◆ **Exercise details**:
Could you copy exactly the lines from the one containing "серые — Характеристики" through the last line of the records below, leaving out any pictures?

======== Data extract

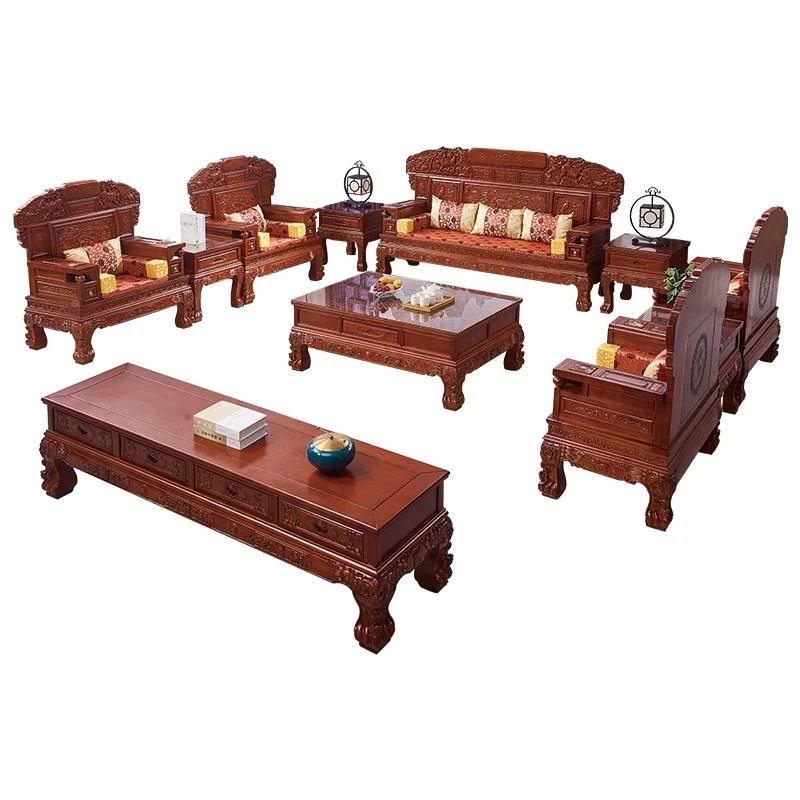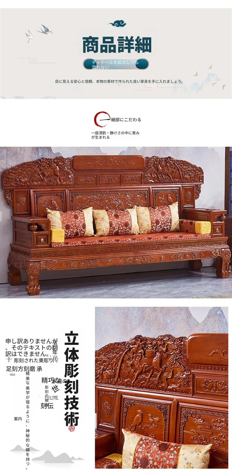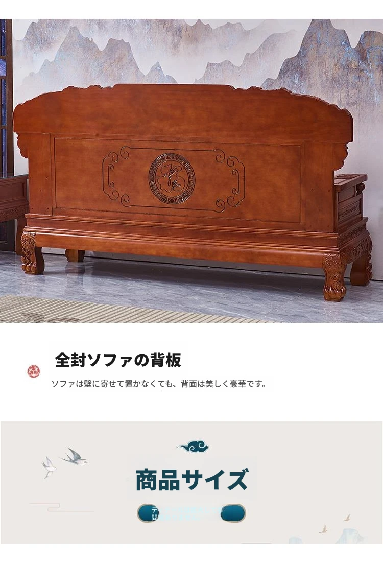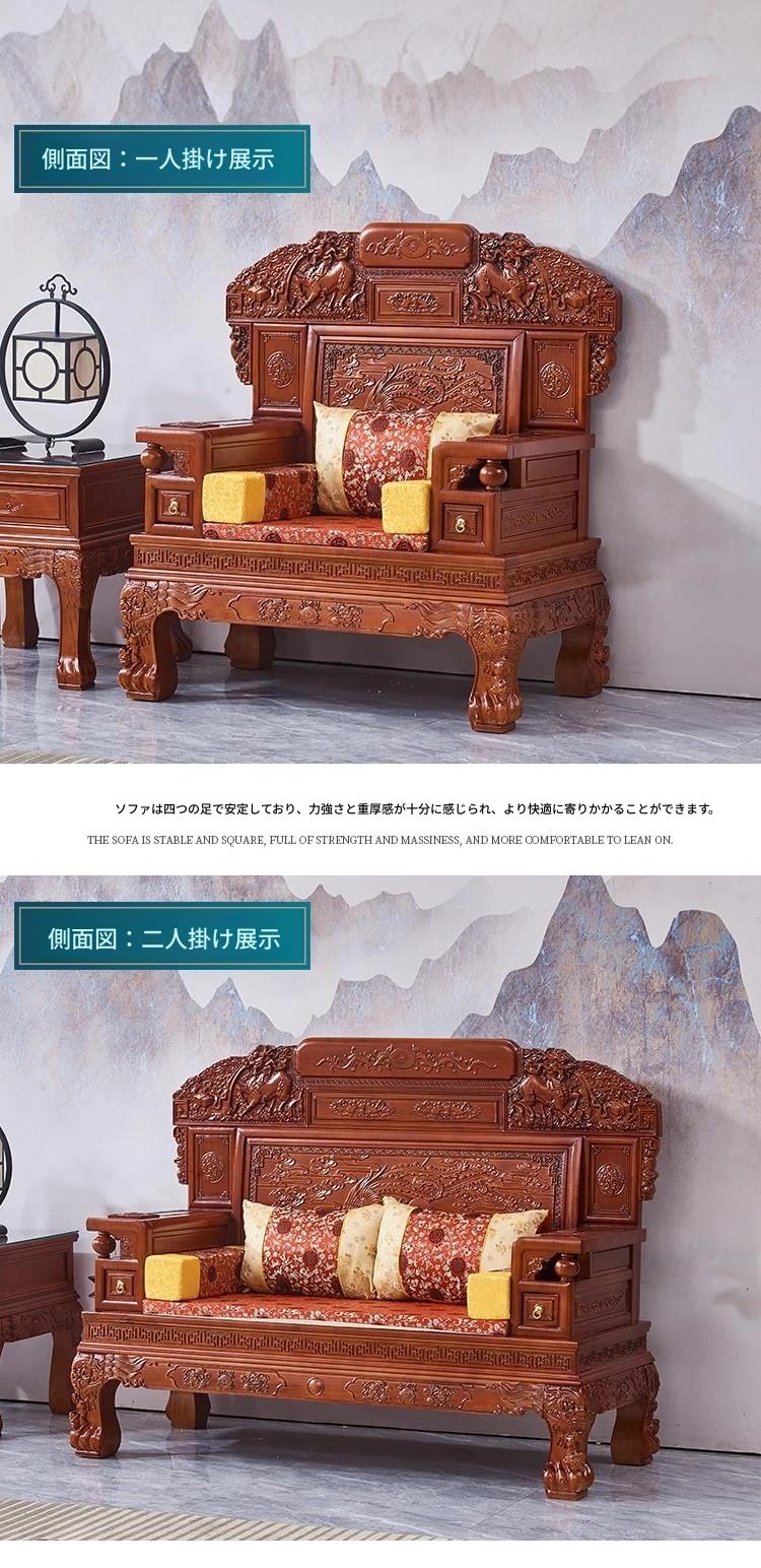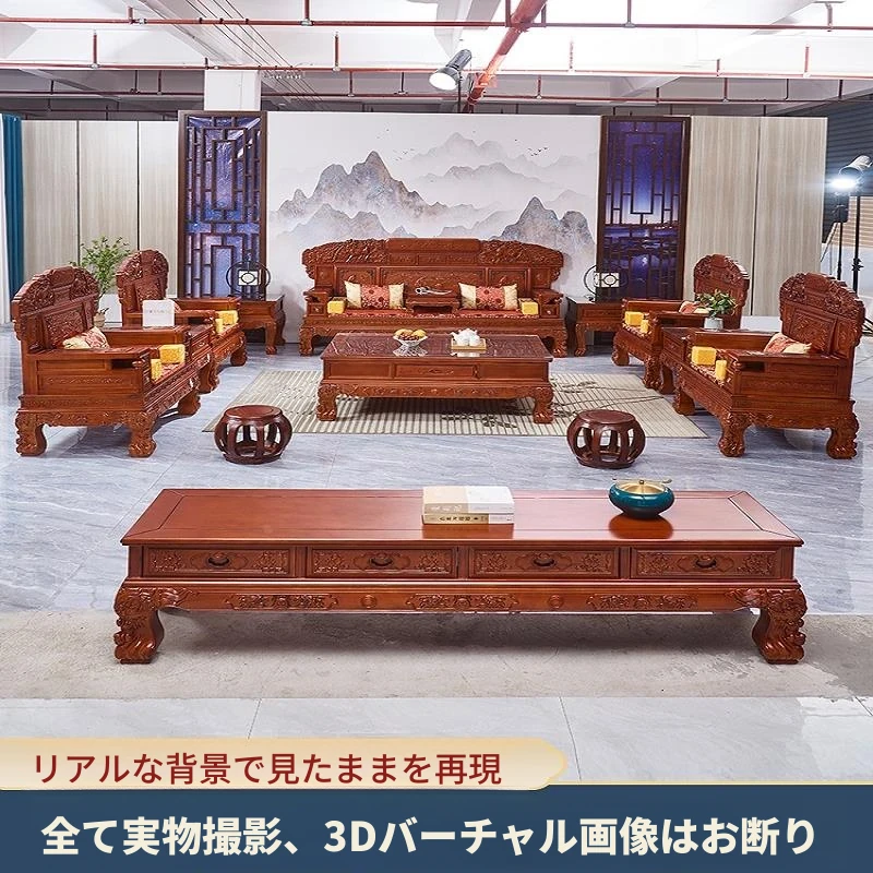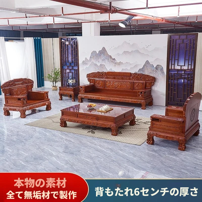 明清風格の伝統的な無垢材ソファセット - 高級紅木使用、古典的な彫刻デザインが魅力的なリビングルーム用フルセット家具。優雅さと温もりを兼ね備えた、あなたの空間を格上げする一品です!
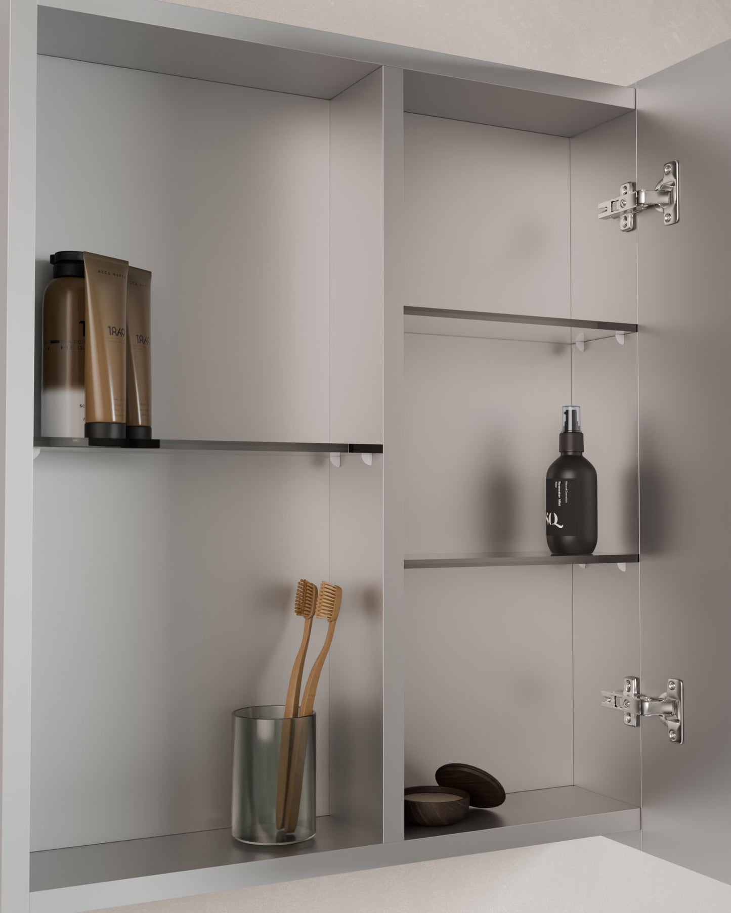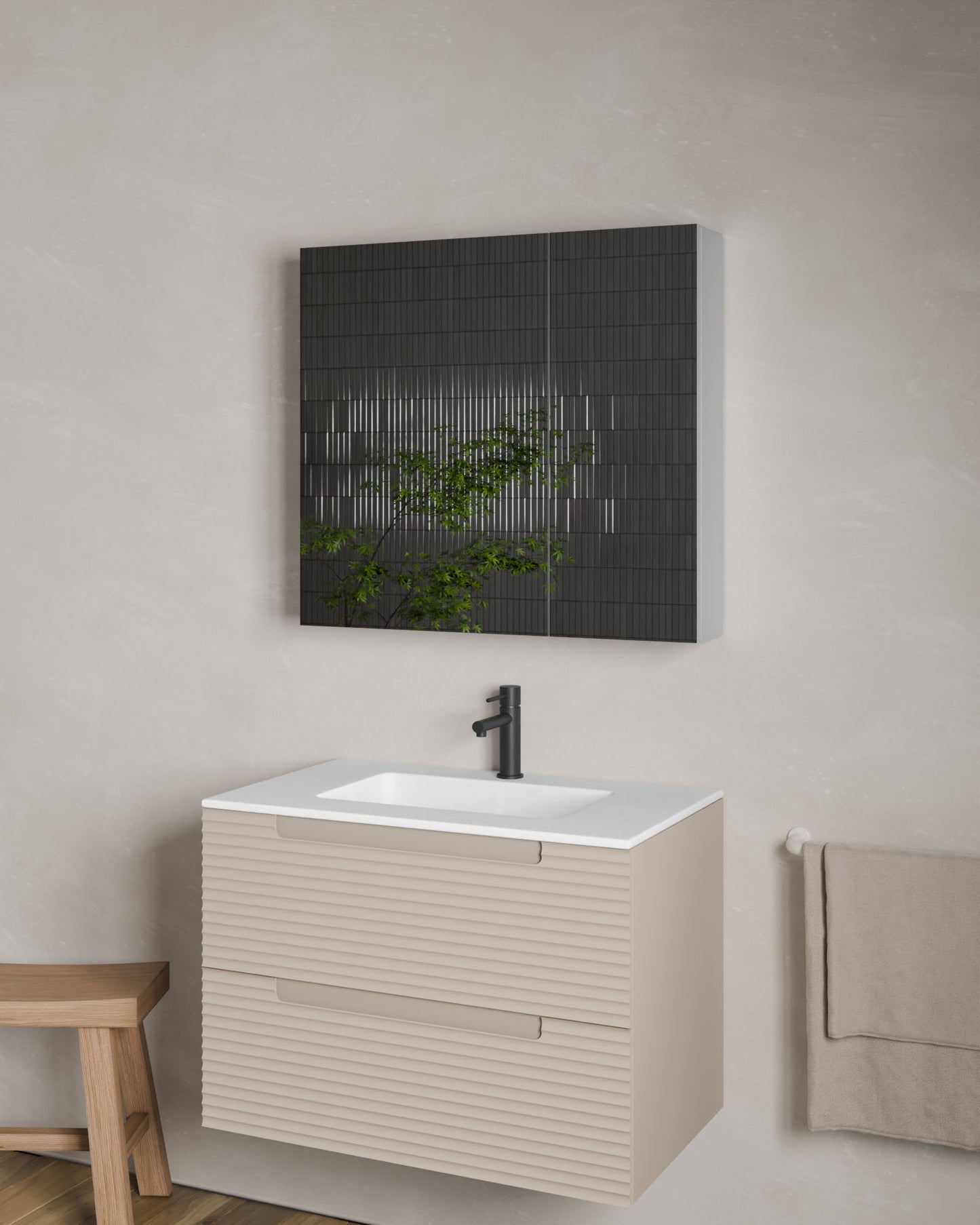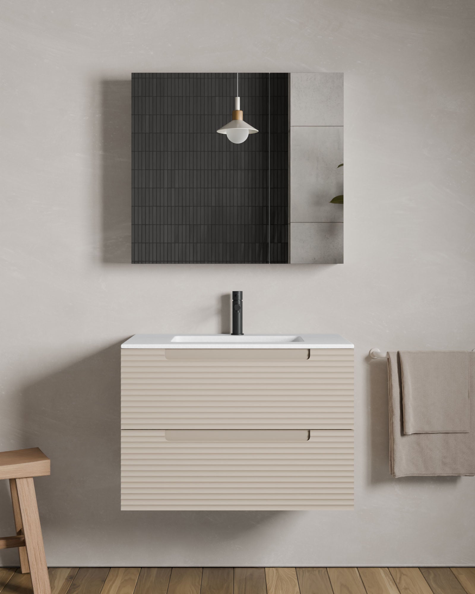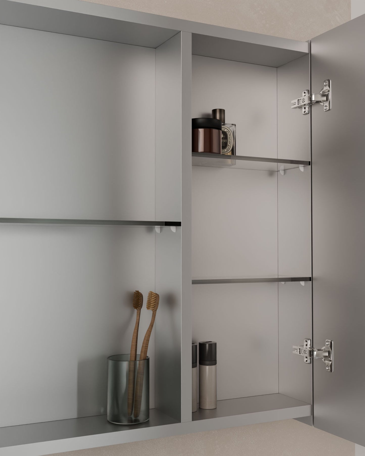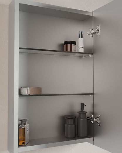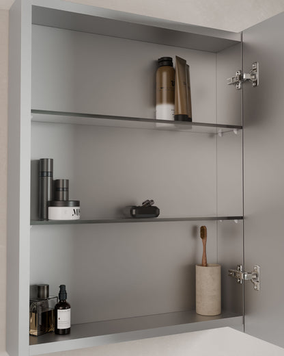 Der Spiegelschrank Lys vereint Alltagstauglichkeit und schlichtes Design in einem Möbelstück. Mit 1 oder 2 Türen passt er sich flexibel an verschiedene Räume und Bedürfnisse an.
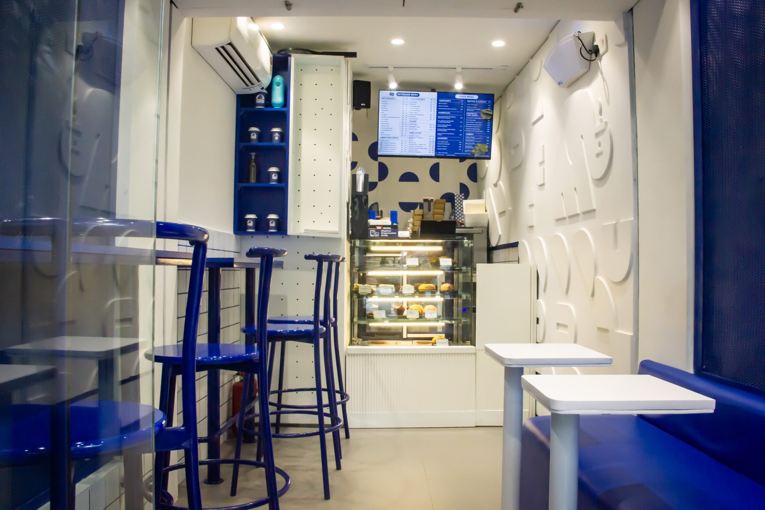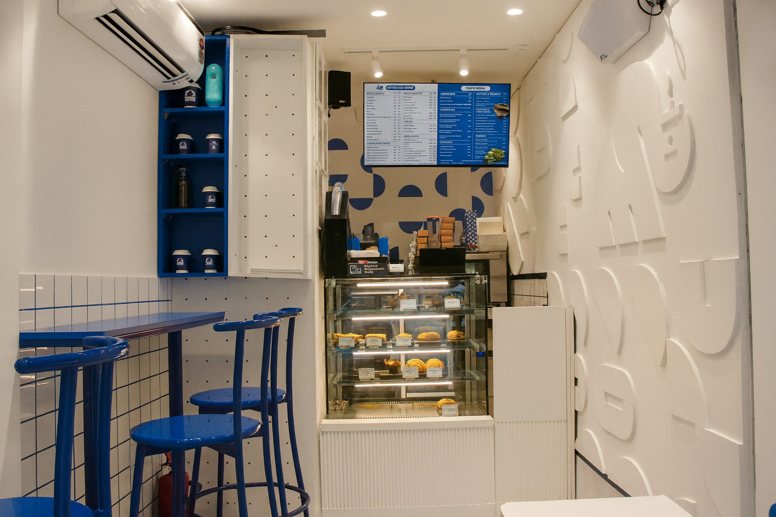 This café interior design brings a bold, minimalist rhythm to the grab-and-go experience — instantly catching eyes on any street.
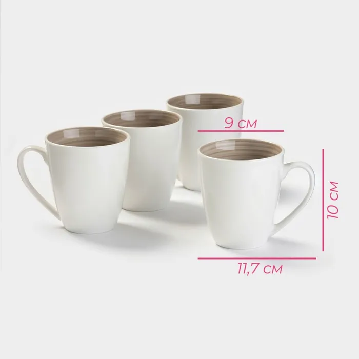 Кружки Доляна «Палитра», 350 мл, набор 4 шт., фарфор, белые, серые — Характеристики
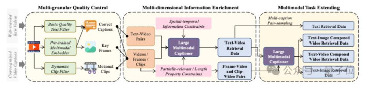 基于原始视频检索数据,团队设计 V-SynFlow 流程进行三阶段数据增强与合成:
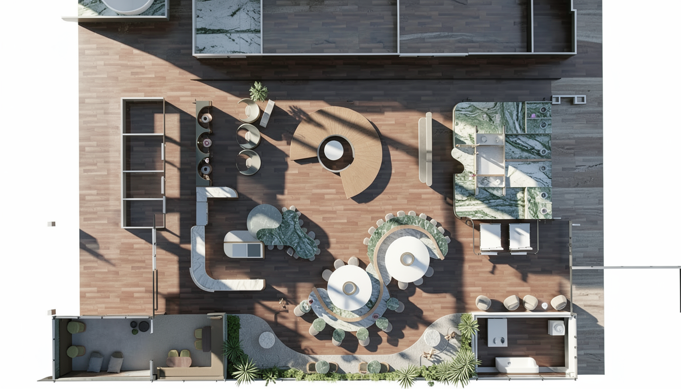 make the flooring a warmer slightly darker wood make the top right bathroom flooring less like marble and more like a subtle squared tile the bottom left should have a concrete flooring not marble
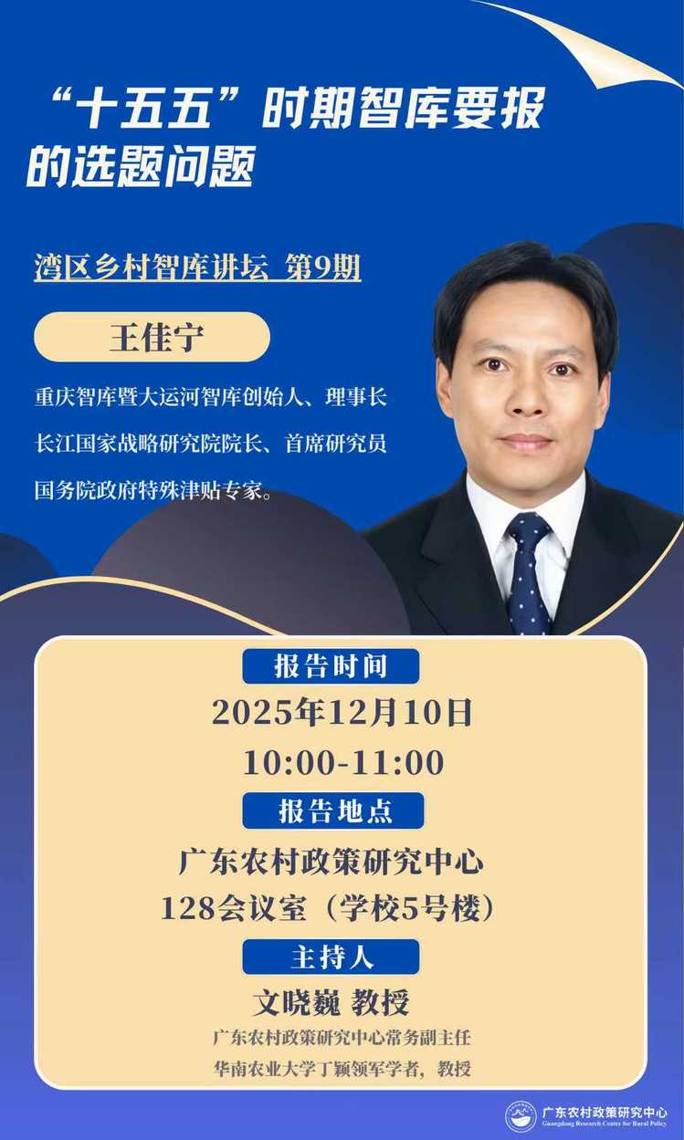 【预告】湾区乡村智库讲坛(第九期):“十五五”时期智库要报的选题问题
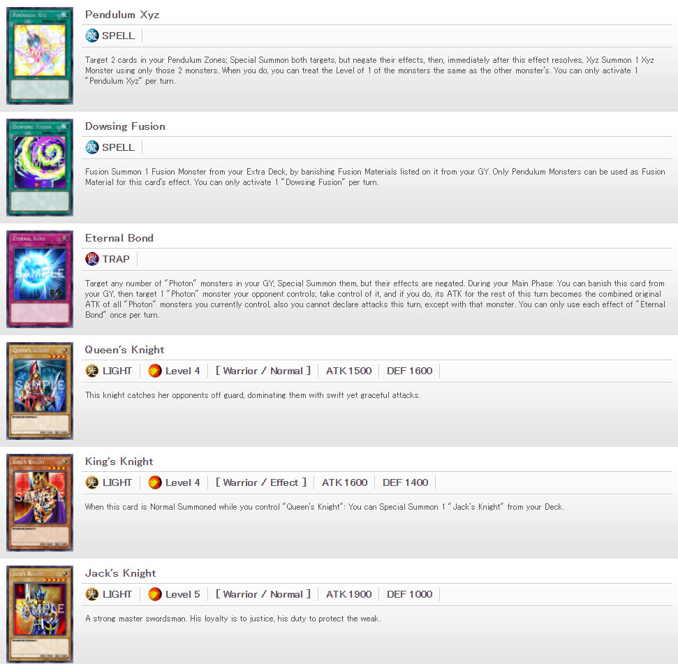 这张卡在手卡·墓地存在:可以从手卡以及自己怪兽区域表侧表示的卡之中把「王后骑士」、「国王骑士」以及「卫兵骑士」各1只送去墓地;这张卡特殊召唤。这张卡的攻击力上升双方手卡数量×500。可以丢弃1张手卡;对方场上和丢弃的卡种类(怪兽·魔法·陷阱)相同的表侧表示的卡全部破坏。

================

◆ **Answer box**:
 Кружки Доляна «Палитра», 350 мл, набор 4 шт., фарфор, белые, серые — Характеристики
 基于原始视频检索数据,团队设计 V-SynFlow 流程进行三阶段数据增强与合成:
 make the flooring a warmer slightly darker wood make the top right bathroom flooring less like marble and more like a subtle squared tile the bottom left should have a concrete flooring not marble
 【预告】湾区乡村智库讲坛(第九期):“十五五”时期智库要报的选题问题
 这张卡在手卡·墓地存在:可以从手卡以及自己怪兽区域表侧表示的卡之中把「王后骑士」、「国王骑士」以及「卫兵骑士」各1只送去墓地;这张卡特殊召唤。这张卡的攻击力上升双方手卡数量×500。可以丢弃1张手卡;对方场上和丢弃的卡种类(怪兽·魔法·陷阱)相同的表侧表示的卡全部破坏。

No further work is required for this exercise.